The stark truth is: Nepal´s environmental pains are growing day by day. After a decade long civil conflict between 1996-2006, Nepal´s environmental vital statistics have shown major strains and a socio-economic regression which is further exacerbated with a tourism boom and shifting migration patterns. Everything that was built in the past three decades with the involvement of early donors such as the USAID and UN were totally damaged in every sense of the environmental word. Today Nepal has an unchecked tourism boom which shows no signs of abating with average tourism growth in the past year at 40%. There has been an increase in air passenger traffic of nearly37%, and in migration to Kathmandu is nearly 32% in the past half decade, just to cite an urban setting. International airline pilots complain that visibility is so bad even on fair days at the southern in-track Bhatte Danda radar way point to Kathmandu´s Tribhuvan International Airport, that the airport is not worthy of a Visual Flight Approach routing.

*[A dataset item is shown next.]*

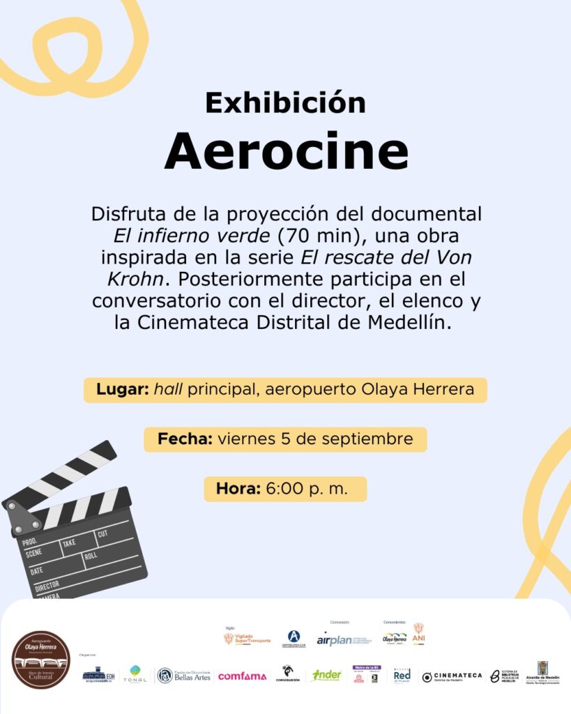 At the facilities of the emblematic Olaya Herrera airport in Medellín, declared an architectural heritage of the city, the screening of the documentary Green Hell was held as part of the cultural program “Plots of memory and heritage.” This was not just any screening: the film, which recounts the historic 1934 rescue of an aircraft crashed in the jungles of Chocó, found its ideal setting in this iconic aeronautical venue that has witnessed the evolution of Colombian aviation.

Within Kathmandu, Nepal´s enchanting capital, pollution must be inhaled mercifully exceeding WHO limitations, as if those barriers were meant to be broken. There is a thick layer of smog that covers major Nepali townships these days not just Kathmandu.

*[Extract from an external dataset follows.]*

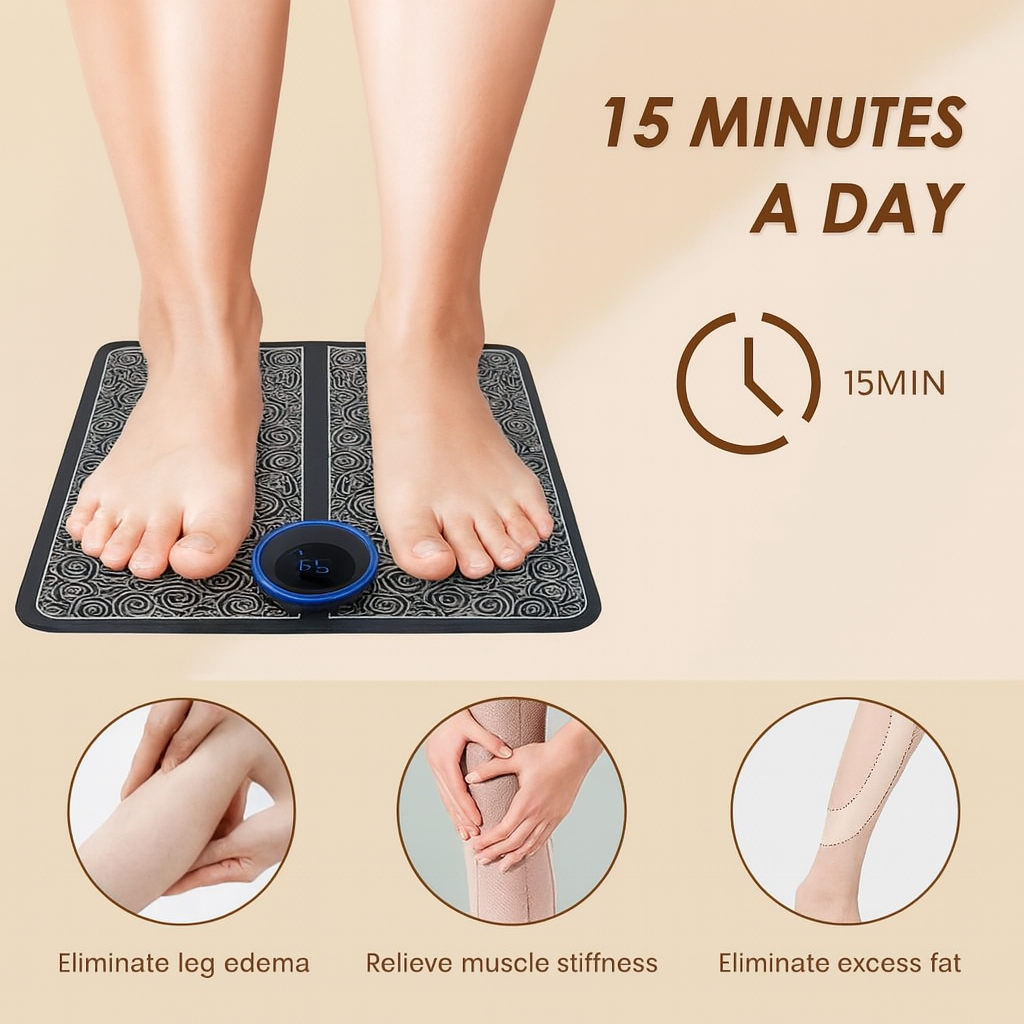 The EMS Foot Massager delivers a smooth, pulse-based stimulation that helps awaken tired feet with minimal effort. Designed with a slim profile and simple controls, it fits seamlessly into your daily routine—whether you're unwinding at home, working at your desk, or taking a quick moment to recharge.

To add to Nepal´s environmental degradation which had gone unchecked, one must consider the agricultural encroachment, deforestation, soil erosion, contamination of water supply, and unsurpassed migration into mid-hill townships and cities that has put local environmental pressures on the local community. Nearly 54% of the Nepali population lives under US$2 and 33% among them under US$1. Between mid-1960s and the late 1970s, Nepali forestland lessened from 30% to 22% in total acreages since firewood was then being used by over 90% of the population. Soil erosion is causing the loss of about 240 million cubic meters of topsoil erosion each year. The Food and Agricultural Organization of the UN estimates that at the present rate of depletion, the forests will be virtually wiped out by 2015. Air and water pollution are also significant environmental problems in Nepal airline pilots complain that Kathmandu valley is always covered with a layer of air pollution.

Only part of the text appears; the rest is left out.